--- Data shown Enclosed Below ---
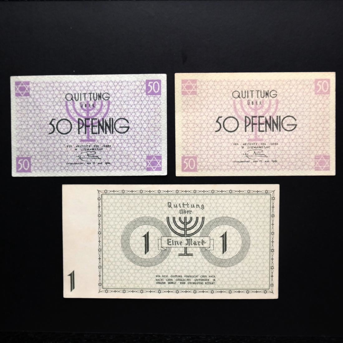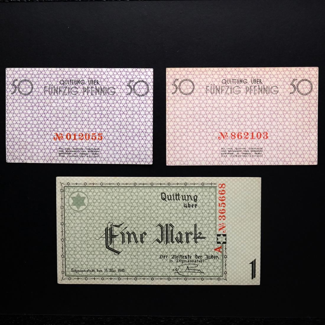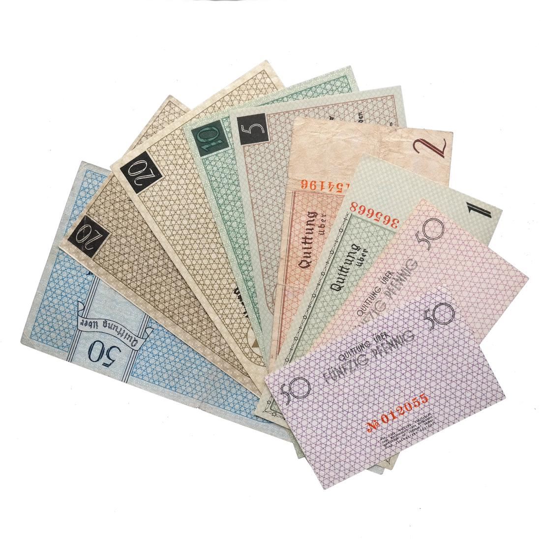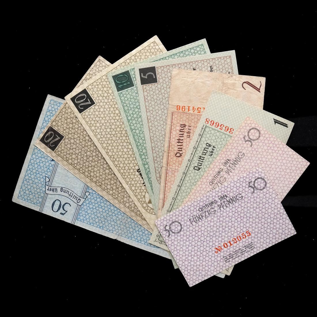 Includes 50pf orange serial #012055 XF to About Uncirculated, 50pf red serial #862103 Uncirculated, 1M type II serial #A 365668 About Uncirculated, 2M serial #154196 Fine+ (creases and pinhole), 5M serial #837267 Uncirculated, 10M red serial #409969 About Uncirculated, 20M type I red serial #109941 About Uncirculated, 20M type II red serial #278212 Extremely Fine, and 50M serial #026574 Very Fine (creases and one small edge tear).
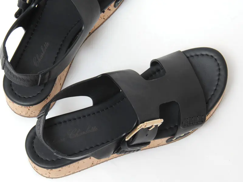 CLAIRE CHARLOTT クレアシャーロット レザー コルクソールサンダル BLACK
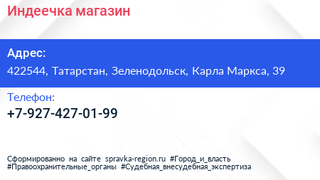 Индеечка, магазин по адресу 422544, Татарстан, Зеленодольск, Карла Маркса, 39 в дальнейшем Организация, размещена в следующих категориях:
--- End of Enclosed Data shown ---
Exercise directions => Where a picture appears in the material above, skip it, and print the rest exactly.

Response to this exercise =>
 Includes 50pf orange serial #012055 XF to About Uncirculated, 50pf red serial #862103 Uncirculated, 1M type II serial #A 365668 About Uncirculated, 2M serial #154196 Fine+ (creases and pinhole), 5M serial #837267 Uncirculated, 10M red serial #409969 About Uncirculated, 20M type I red serial #109941 About Uncirculated, 20M type II red serial #278212 Extremely Fine, and 50M serial #026574 Very Fine (creases and one small edge tear).
 CLAIRE CHARLOTT クレアシャーロット レザー コルクソールサンダル BLACK
 Индеечка, магазин по адресу 422544, Татарстан, Зеленодольск, Карла Маркса, 39 в дальнейшем Организация, размещена в следующих категориях:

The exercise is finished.